* Problem requirements *
Pictures excluded, output the lines of the data below between the one holding "السماء أو سقي" and the one holding "Vereinsmitglieder können einen", inclusive, exactly as they stand.

* Record extracts *
- Opening Delimiter -

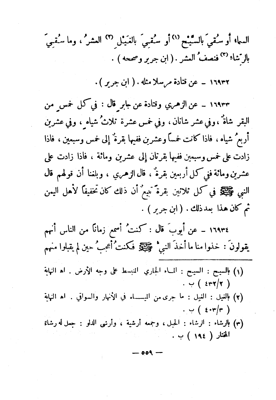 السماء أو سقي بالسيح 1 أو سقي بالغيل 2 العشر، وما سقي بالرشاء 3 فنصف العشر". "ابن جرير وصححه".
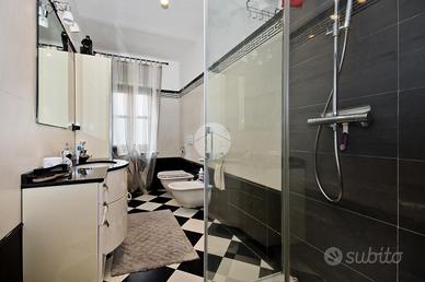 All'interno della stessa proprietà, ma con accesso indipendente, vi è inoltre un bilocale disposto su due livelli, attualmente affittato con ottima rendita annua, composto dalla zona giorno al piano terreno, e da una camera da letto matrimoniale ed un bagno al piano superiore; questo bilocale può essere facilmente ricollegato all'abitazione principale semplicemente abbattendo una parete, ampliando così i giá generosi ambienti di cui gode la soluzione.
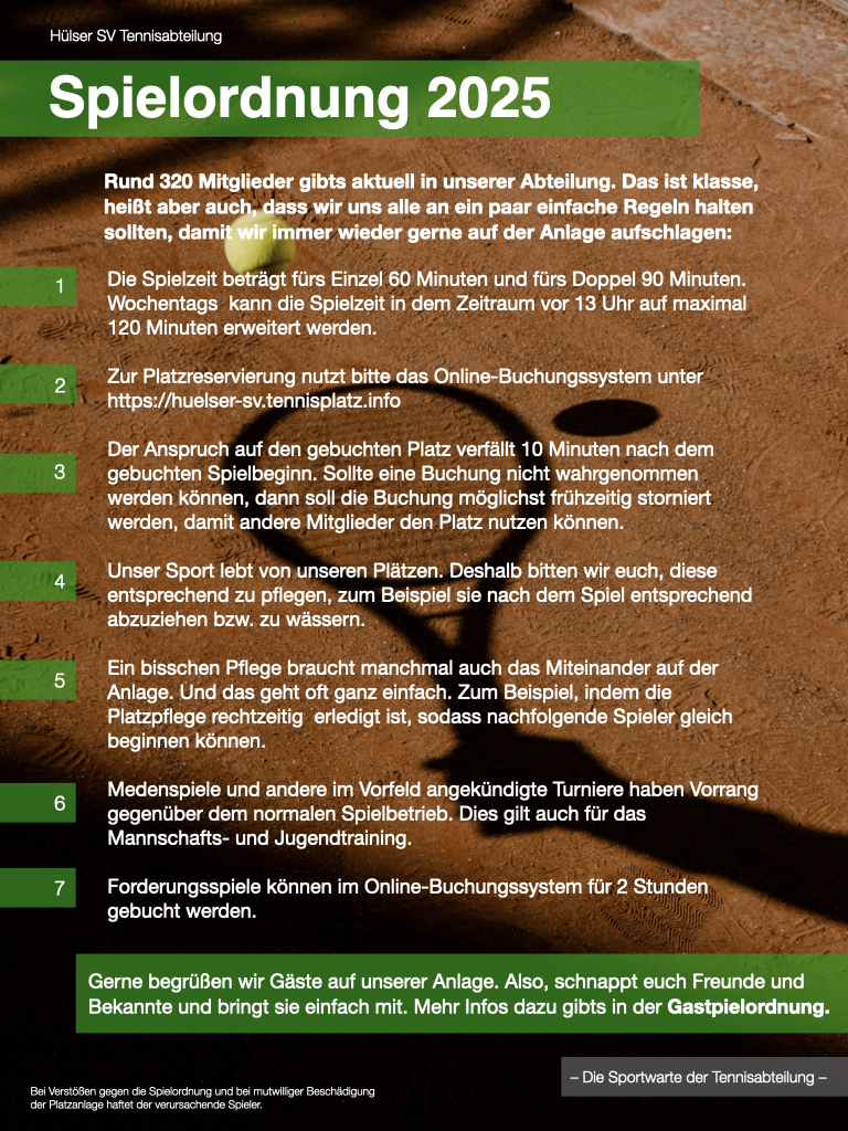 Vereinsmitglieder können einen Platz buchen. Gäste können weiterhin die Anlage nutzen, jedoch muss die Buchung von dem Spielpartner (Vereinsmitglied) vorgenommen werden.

- Closing Delimiter -
- Opening Delimiter -

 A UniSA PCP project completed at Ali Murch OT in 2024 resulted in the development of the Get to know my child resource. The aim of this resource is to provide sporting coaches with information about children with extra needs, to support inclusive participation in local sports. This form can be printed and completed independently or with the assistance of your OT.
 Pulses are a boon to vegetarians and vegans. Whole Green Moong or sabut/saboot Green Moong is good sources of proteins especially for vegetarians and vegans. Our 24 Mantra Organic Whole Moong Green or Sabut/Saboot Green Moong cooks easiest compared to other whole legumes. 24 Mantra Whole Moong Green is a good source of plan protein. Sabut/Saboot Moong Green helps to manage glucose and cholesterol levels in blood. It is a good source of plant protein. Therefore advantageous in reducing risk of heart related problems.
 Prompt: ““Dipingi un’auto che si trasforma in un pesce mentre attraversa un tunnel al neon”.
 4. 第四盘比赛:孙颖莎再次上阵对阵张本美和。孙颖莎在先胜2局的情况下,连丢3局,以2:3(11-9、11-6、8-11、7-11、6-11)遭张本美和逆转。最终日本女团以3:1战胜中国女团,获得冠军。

- Closing Delimiter -
- Opening Delimiter -

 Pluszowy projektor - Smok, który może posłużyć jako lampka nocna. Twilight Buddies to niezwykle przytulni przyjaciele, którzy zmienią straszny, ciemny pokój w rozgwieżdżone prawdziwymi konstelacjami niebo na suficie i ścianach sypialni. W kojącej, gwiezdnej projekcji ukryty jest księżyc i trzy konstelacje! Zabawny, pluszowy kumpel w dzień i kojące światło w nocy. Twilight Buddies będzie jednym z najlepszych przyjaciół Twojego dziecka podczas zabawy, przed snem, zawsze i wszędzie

- Closing Delimiter -

* Written response *
 السماء أو سقي بالسيح 1 أو سقي بالغيل 2 العشر، وما سقي بالرشاء 3 فنصف العشر". "ابن جرير وصححه".
 All'interno della stessa proprietà, ma con accesso indipendente, vi è inoltre un bilocale disposto su due livelli, attualmente affittato con ottima rendita annua, composto dalla zona giorno al piano terreno, e da una camera da letto matrimoniale ed un bagno al piano superiore; questo bilocale può essere facilmente ricollegato all'abitazione principale semplicemente abbattendo una parete, ampliando così i giá generosi ambienti di cui gode la soluzione.
 Vereinsmitglieder können einen Platz buchen. Gäste können weiterhin die Anlage nutzen, jedoch muss die Buchung von dem Spielpartner (Vereinsmitglied) vorgenommen werden.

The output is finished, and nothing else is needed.